The modern debt limit, in which an aggregate limit was applied to nearly all federal debt, was substantially established by Public Debt Acts[32][33] passed in 1939 and 1941. The Treasury has been authorized by Congress to issue such debt as was needed to fund government operations (as authorized by each federal budget) as long as the total debt (excepting some small special classes) does not exceed a stated ceiling. Since 1979, the House of Representatives by rule has automatically raised the debt ceiling when passing a budget, except when the House votes to waive or repeal this rule.[34]

During President Obama's term starting on December 16, 2009 marks the only time in the history of the US debt that the debt ceiling was ever numerically exceeded. "Extraordinary accounting tools" were used at that time to meet the necessary federal obligations. [35]

The most recent[36] increase in the U.S. debt ceiling to $14.294 trillion by H.J.Res. 45 was signed into law on February 12, 2010.[37]

On Sunday, July 31, 2011, CNN and AOL reported that President Obama announced that an agreement had been hammered out; however, some leaders of Congress and members of Congress, both Democrats and Republicans, have not yet seen or fully read the deal.
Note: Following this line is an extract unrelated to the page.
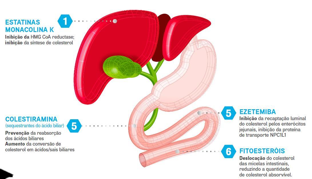 Atua nos 6 passos do metabolismo do colesterol (síntese, absorção, transformação e excreção)
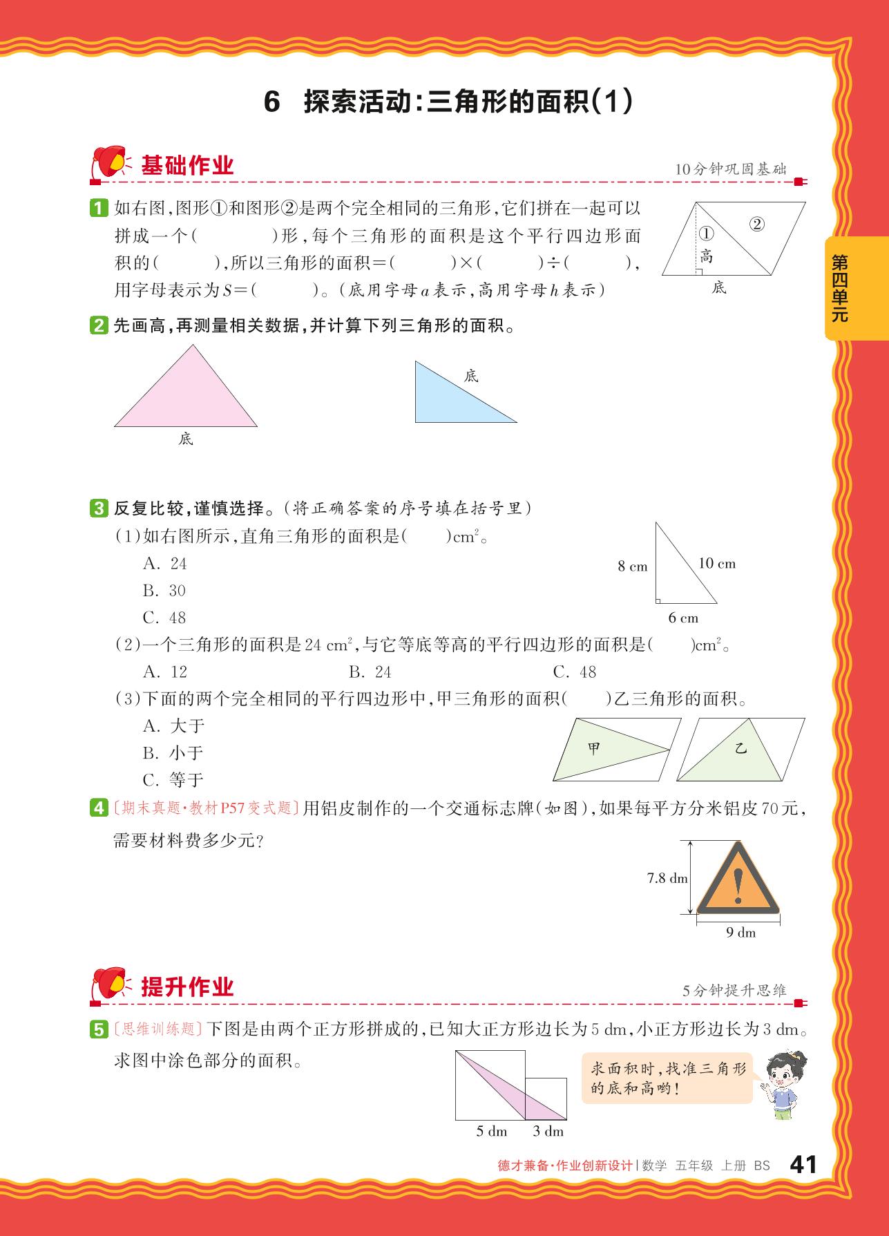 2024秋上册五年级数学北师版 第四单元 多边形的面积——6. 探索活动:三角形的面积(1)

Both houses of Congress, and then President Obama, must approve the deal before it becomes law. Certain provisions regarding potential cuts to defense spending, Medicare/Medicaid, and Social Security are still being arranged and reviewed. Furthermore, the degree of powers given to the new committee (composed of equal numbers of Democrats and Republicans; it is known as the "Super Congress") to be established in the proposed legislation, and questions regarding what it would recommend or do regarding increasing taxes or making cuts, remain areas of further exploration. Congress also must decide whether it wants to proceed with a balanced budget amendment vote that would send to the states a potential amendment to the U.S. Constitution requiring the federal budget to be balanced every year, though there is some debate over how powerful the amendment should be in mandating that requirement. There is also a question among some members of Congress as to whether such a vote should even be attached to the debt ceiling vote, or dealt with later during overhaul of the tax laws- in the midst of an election season. It does appear that the potential deal will raise the debt limit in a manner that would keep the issue from returning until after the 2012 election, and members involved in the potential deal's formation have indicated it would save between $2.4 and $3 trillion dollars. President Obama has indicated it is a potential deal he can likely accept. Markets reacted positively to the news of a probable deal.

On August 2, 2011, President Obama signed the above bill after it was approved by both the House of Representatives and the Senate.

Ownership of debt

Estimated ownership each year through time.

Because a large variety of people own the notes, bills, and bonds in the "public" portion of the debt, the U.S. Treasury also publishes information that groups the types of holders by general categories to portray who owns United States debt. In this data set, some of the public portion is moved and combined with the total government portion, because this amount is owned by the Federal Reserve as part of United States monetary policy. (See Federal Reserve System)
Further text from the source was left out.